Der Alpha seines Rudels.
Alpha, fragst du? Nun, laut der Stadtgeschichte kamen die Tierwandler – oder besser gesagt Hybriden, wie die Stadtbewohner sie nannten – ein paar Tage nach Halloween vor vielen Jahren auf die Insel. Das war lange bevor ich geboren wurde, aber sie sorgten dafür, dass wir in der Schule über sie lernten.
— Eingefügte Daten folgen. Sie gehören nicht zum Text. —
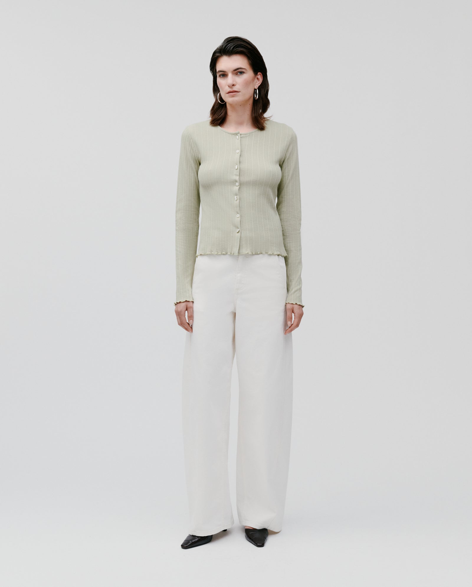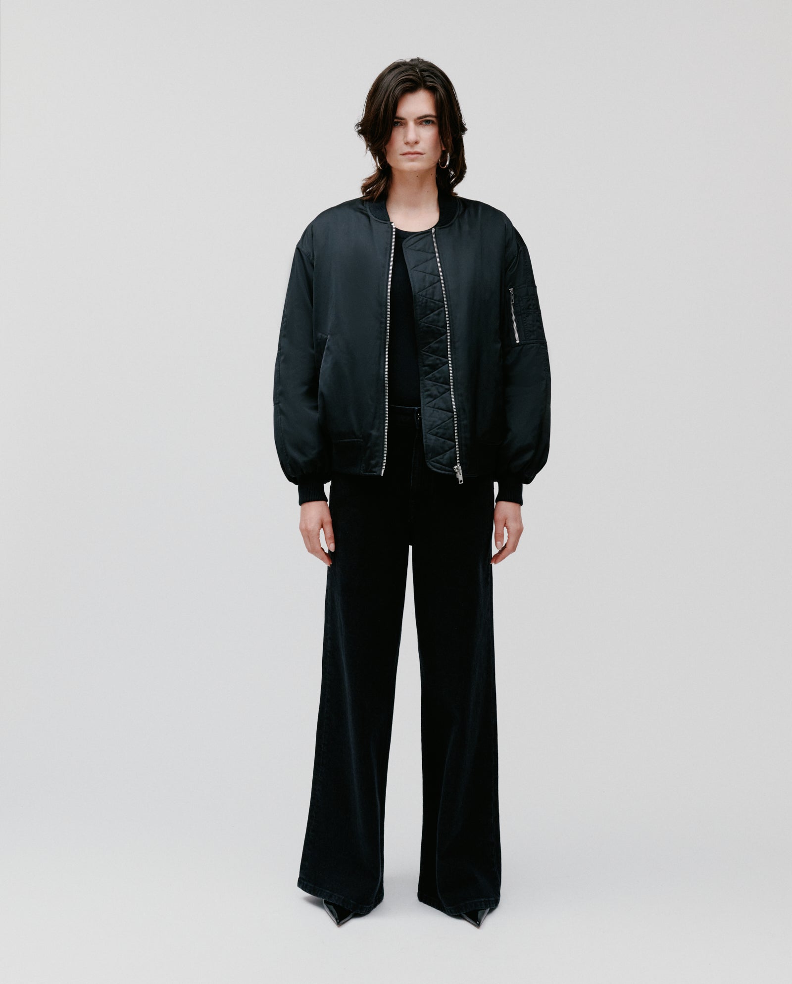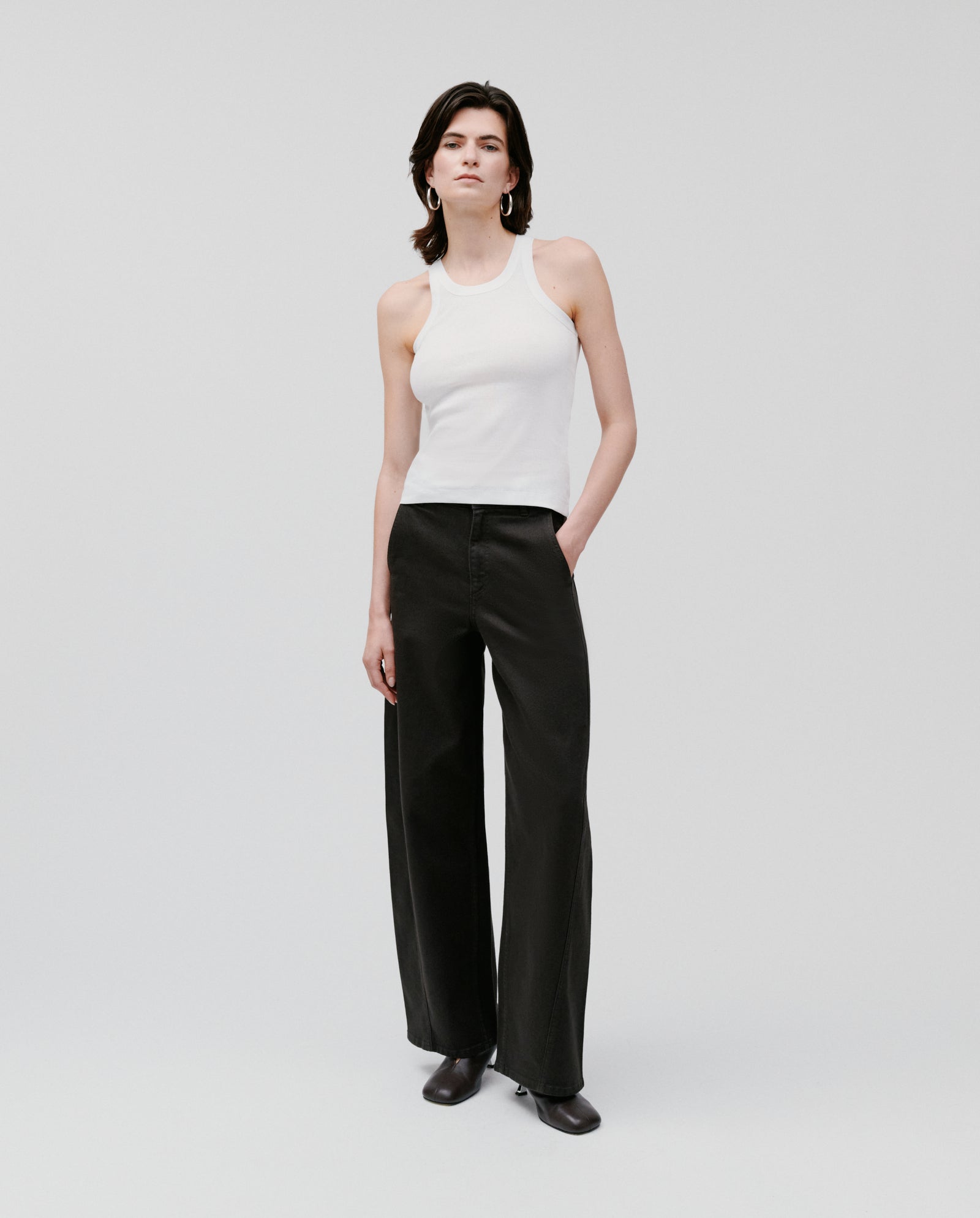 A person is wearing IVY OAK’s PHILINE SUE Pants—a minimalistic, wide-leg black trouser—styled with hands in pockets.A person wears IVY OAKs PHILINE SUE Pants—minimalistic wide-leg trousers in black crepe fabric—with a sleeveless top, standing against a plain light background.

Wie auch immer, niemand wusste genau, wie sie auf die Insel gekommen waren. Sie wurden zufällig entdeckt. Da wir nur Menschen sind, war die erste Reaktion, sie zu töten, und es gelang ihnen, einige von ihnen zu töten, aber plötzlich änderte sich das. Dieser Teil wurde in unseren Geschichtsunterricht nicht aufgenommen. Irgendwie kamen sie zu einer Art Übereinkunft, und wie man so sagt; der Rest ist Geschichte.
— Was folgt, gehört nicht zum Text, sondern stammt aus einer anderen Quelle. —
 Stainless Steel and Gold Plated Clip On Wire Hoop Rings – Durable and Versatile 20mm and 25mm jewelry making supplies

Die Hybriden blieben meistens im Wald, sodass wir sie nicht oft sahen, aber hin und wieder lud mein Vater sie zu diesen großen gesellschaftlichen Veranstaltungen ein. Nur zwei von ihnen tauchten jemals auf, und soweit ich aus meinen Beobachtungen schließen konnte, schienen sie sich ziemlich nahe zu stehen.
Ich wurde in die Realität zurückgeholt, als Joy ihre Nägel in meinen Arm bohrte. Zusammenzuckend zog ich meinen Arm aus ihrem Griff und rieb die verletzte Haut.
"Pass auf," zischte sie, "und hör auf zu starren. Du machst dich lächerlich."
"Ich starre nicht."
Sie schenkte mir ein kleines Lächeln, das ihre Augen nicht erreichte. "Jemand wie er würde sich niemals für dich interessieren."
"W-wer?" fragte ich.
"Mike. Du hast ihn angestarrt."
Ich unterdrückte ein Lachen. "Was auch immer du sagst, Joy."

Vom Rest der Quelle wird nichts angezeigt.